Presented By O’Reilly and Cloudera
Make Data Work
March 5–6, 2018: Training
March 6–8, 2018: Tutorials & Conference
San Jose, CA

Vectorized query processing using Apache Arrow

Siddharth Teotia (Dremio)
1:50pm2:30pm Wednesday, March 7, 2018
Average rating: *****
(5.00, 1 rating)

Who is this presentation for?

  • Those working in analytics, databases, high-performance computing, hardware, and big data processing

What you'll learn

  • Learn how to do vectorized query processing in Dremio using Apache Arrow
  • Explore the significant ongoing development in columnar database technology and how high-performance systems are being designed

Description

Query processing technology has rapidly evolved since the iconic C-Store paper was published in 2005, with a focus on designing query processing algorithms and data structures that efficiently utilize CPU and leverage the changing trends in hardware to deliver optimal performance. Siddharth Teotia outlines the different types of vectorized query processing in Dremio using Apache Arrow.
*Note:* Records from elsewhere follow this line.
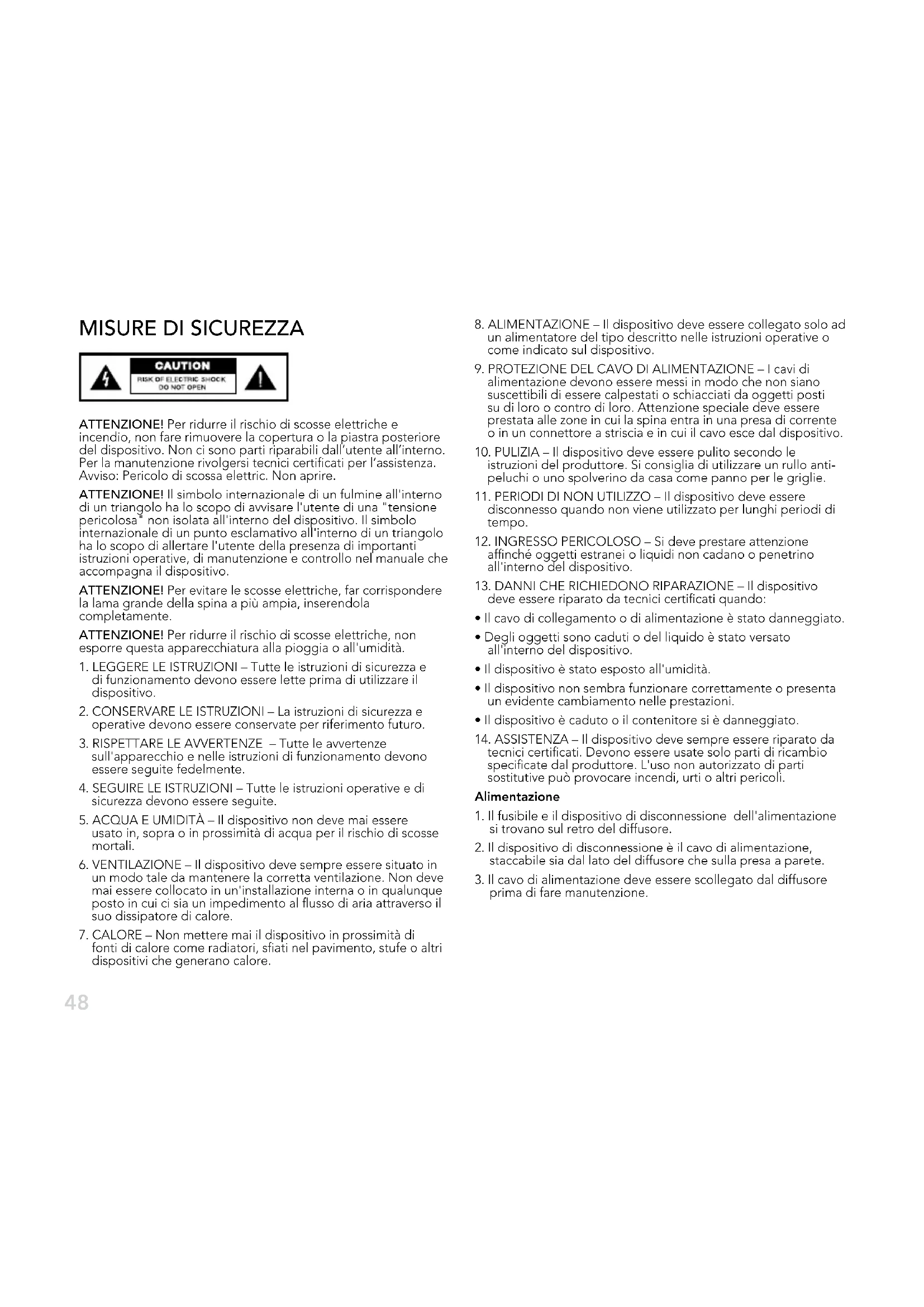 ATTENZIONE! Per ridurre il rischio di scosse elettriche e incendio, non fare rimuovere la copertura o la piastra posteriore del dispositivo. Non ci sono parti riparabili dall’utente all’interno. Per la manutenzione rivolgersi tecnici certificati per l’assistenza. Avviso: Pericolo di scossa elettric. Non aprire. ATTENZIONE! Il simbolo internazionale di un fulmine all'interno di un triangolo ha lo scopo di avvisare l'utente di una "tensione pericolosa" non isolata all'interno del dispositivo. Il simbolo internazionale di un punto esclamativo all'interno di un triangolo ha lo scopo di allertare l'utente della presenza di importanti istruzioni operative, di manutenzione e controllo nel manuale che accompagna il dispositivo. ATTENZIONE! Per evitare le scosse elettriche, far corrispondere la lama grande della spina a più ampia, inserendola completamente. ATTENZIONE! Per ridurre il rischio di scosse elettriche, non esporre questa apparecchiatura alla pioggia o all'umidità.
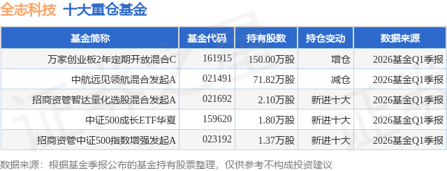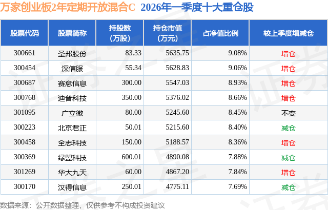 根据2026基金Q1季报公募基金重仓股数据,重仓该股的公募基金共5家,其中持有数量最多的公募基金为万家基金的万家创业板2年定期开放混合C。万家创业板2年定期开放混合C目前规模为0.97亿元,最新净值0.7802(4月21日),较上一交易日下跌1.34%,近一年上涨18.45%。该公募基金现任基金经理为黄兴亮。黄兴亮在任的基金产品包括:万家行业优选混合(LOF),管理时间为2019年3月2日至今,期间收益率为165.31%;万家经济新动能混合A,管理时间为2019年10月30日至今,期间收益率为88.42%;万家自主创新混合A,管理时间为2020年2月10日至今,期间收益率为19.67%;
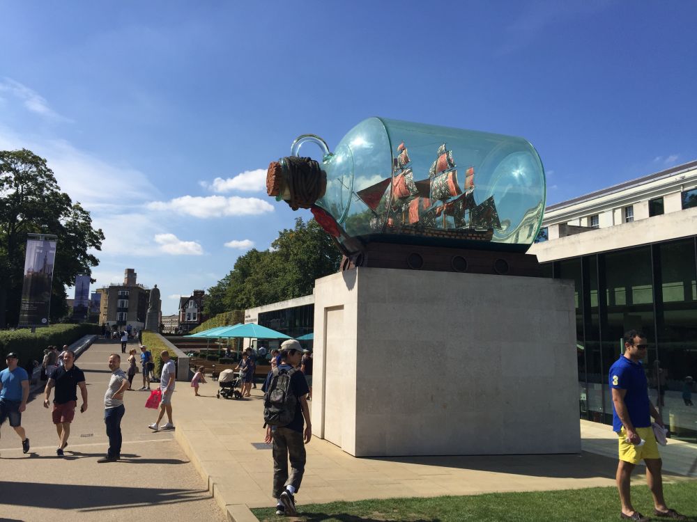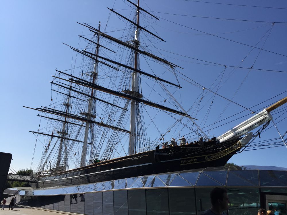 到了格林威治,跟着人群走,先去看了CUTTY SARK,英国17世纪一艘据说最快的运货的帆船,后来随着机动船的出现,这艘船慢慢被淘汰了,就在这里做展览了。上船参观要另外交钱,我们照了两张相,就转悠到旁边的old royal naval college了。这里有一个painted hall值得去看看,可以爬上楼梯看屋顶上绘画,以前在罗马看了太多的绘画,我们对它不太感冒,在旁边的小教堂Chapel of st Peter and st Paul看了一下就直奔大路旁的海事博物馆。
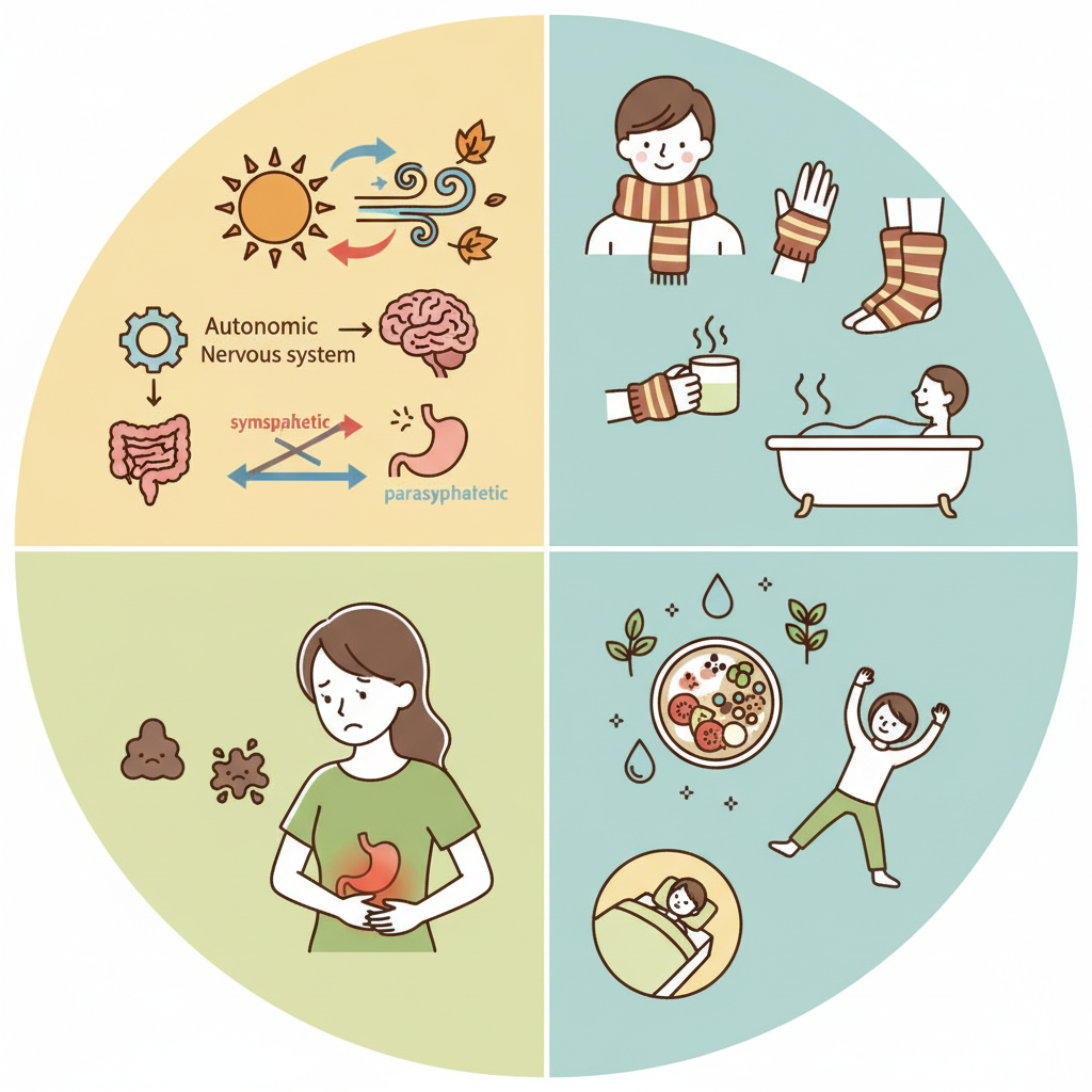 今回は、秋の寒暖差が胃腸に与える影響と、 自律神経を整えて季節の不調を撃退 する具体的なセルフケアの方法を解説します。

Columnar data has become the de facto format for building high-performance query engines that run analytical workloads. Apache Arrow is an in-memory columnar data format that houses canonical in-memory representations for both flat and nested data structures. It is a natural complement to on-disk formats like Apache Parquet and Apache ORC. Dremio’s query processing engine leverages the columnar format of Apache Arrow and Parquet for in-memory and on-disk representations respectively.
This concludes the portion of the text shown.